Vielleicht fragt sich der eine oder andere Leser an dieser Stelle, was das mit unserem Dienst unter Muslimen zu tun hat. Die Antwort ist: wirklich überraschend viel. Ich will kurz zwei Aspekte davon nennen.

Die eine Seite betrifft unsere Kommunikation mit Muslimen. Was bringen wir ihnen? Unsere westlich-christliche Kultur (von der wir uns sicher nie ganz befreien können) oder einfach Jesus? Müssen Muslime „Christen“ werden oder sollen sie einfach Jesus folgen? Jesus selbst hatte nicht im Sinn, eine Religion namens Christentum zu initiieren. „Folgt mir nach!“ Das war alles.

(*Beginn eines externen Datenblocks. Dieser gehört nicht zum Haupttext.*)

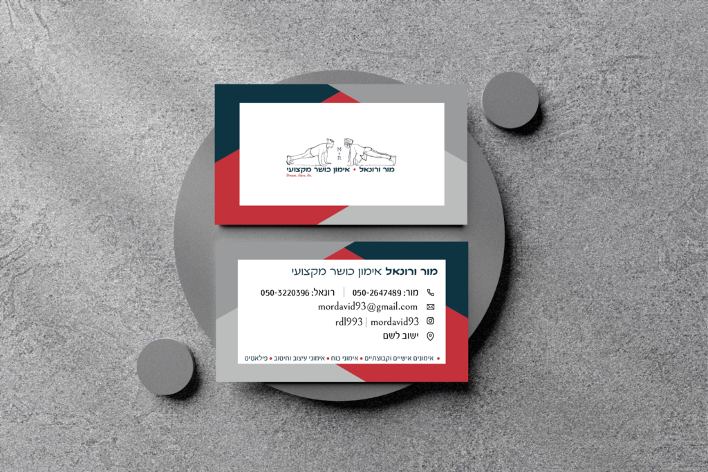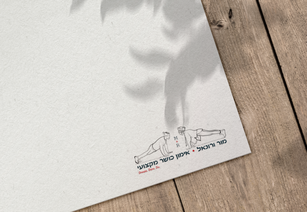 מור ורונאל- אימון כושר מקצועי לוגו מאויר של הזוג המתוק מור ורונאל שפתחו עסק לאימון כושר.המיתוג כולל עיצוב כרטיסי ביקור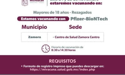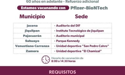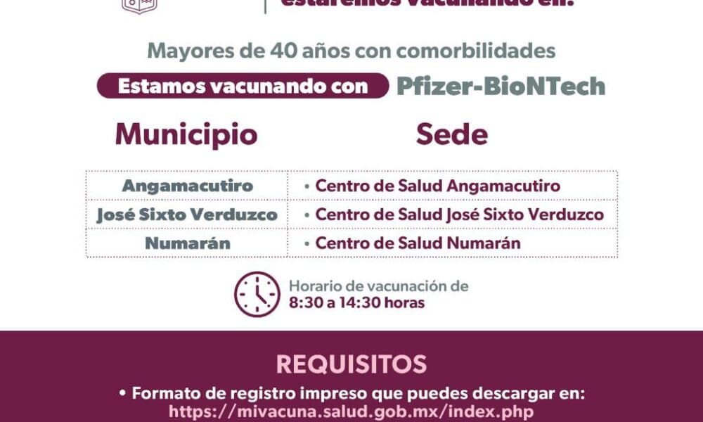 Inicia en Michoacán aplicación de refuerzo adicional de vacuna anti COVID-19, para mayores de 60 años

Und zweitens: Wer Jesus von Herzen nachfolgt, der hat immer etwas mit Mission zu tun. Das Vermächtnis Jesu war „Macht alle Völker zu Jüngern!“ (Mt 28, 19) und „Ihr werdet meine Zeugen sein ... bis ans Ende der Erde!“ (Apg 1, 8) Fast 2000 Jahre später gibt es noch immer unerreichte muslimische Volksgruppen, die bisher keine Chance hatten, von Jesus zu hören. An Gott liegt das nicht. Sollte es unsere Nachfolge sein? Ich glaube ja. Nachfolge ohne Mission ist keine Nachfolge.

Nachfolger Jesu, die keine Kompromisse machen – die wollen wir als Jesu Botschafter senden. Die Unerreichten warten schon zu lange.